Breast cancer is thought to result from excessive cumulative exposure to ovarian hormones. Different predictors of hereditary and sporadic breast cancer suggest different pathogenic mechanisms. Affected twin pairs may help to illustrate such differences.


We obtained information from 1811 pairs of female twins, one or both of whom had breast cancer. The pairs were stratified according to concordance or discordance for breast cancer, zygosity, the presence or absence of a family history of breast cancer, and the presence of bilateral or unilateral disease. Disease-concordant monozygotic pairs were assumed to have a higher genetic susceptibility than other subgroups of pairs. Paired twins were compared with respect to age at puberty and other factors. We calculated adjusted odds ratios for the diagnosis of breast cancer when only one twin was affected and for the first of the two diagnoses when both were affected.

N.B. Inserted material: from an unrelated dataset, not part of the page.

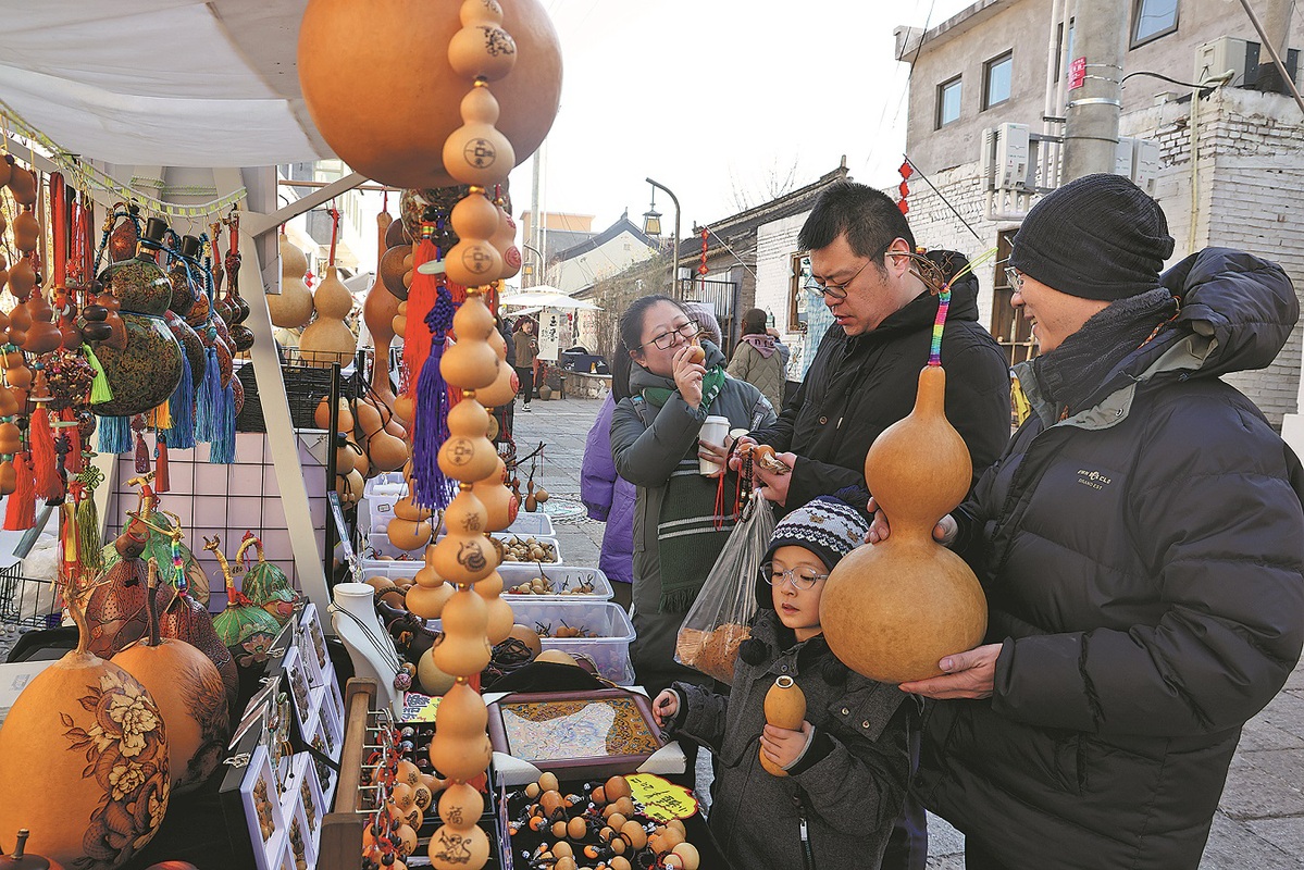 A stall selling gourds attracts visitors at the market. (Wang Jing/China Daily)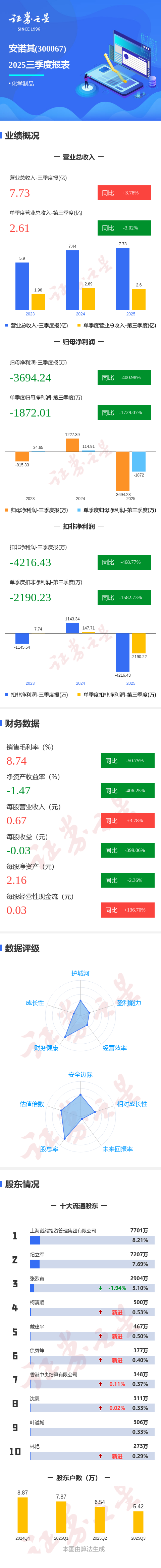 证券之星消息,安诺其2025年三季报显示,公司主营收入7.73亿元,同比上升3.78%;归母净利润-3694.24万元,同比下降400.98%;扣非净利润-4216.43万元,同比下降468.78%;其中2025年第三季度,公司单季度主营收入2.61亿元,同比下降3.03%;单季度归母净利润-1872.01万元,同比下降1729.07%;单季度扣非净利润-2190.23万元,同比下降1582.73%;负债率28.87%,投资收益-46.01万元,财务费用1333.27万元,毛利率8.74%。

Within disease-discordant monozygotic pairs, the twin with an earlier onset of puberty did not have an increased risk of breast cancer (adjusted odds ratio, 0.8; 95 percent confidence interval, 0.6 to 1.2). Within disease-concordant monozygotic pairs, the twin with earlier puberty was much more likely to receive the diagnosis first (adjusted odds ratio, 5.4; 95 percent confidence interval, 2.0 to 14.5). In contrast, a later first pregnancy, lower parity, and later menopause within the pair were associated with an increased risk of breast cancer when one twin was affected but did not predict an earlier diagnosis when both were affected.


Within the most genetically susceptible subgroup of twin pairs, the strong influence of earlier puberty on the age at the diagnosis of breast cancer and the absence of linkage to hormonal milestones later in life suggest that most cases of hereditary breast cancer are not related to cumulative hormone exposure and that they may instead result from an unusual sensitivity to pubertal hormones. Associations between breast cancer and early menarche and those with reproductive milestones in adulthood may reflect different genotypes.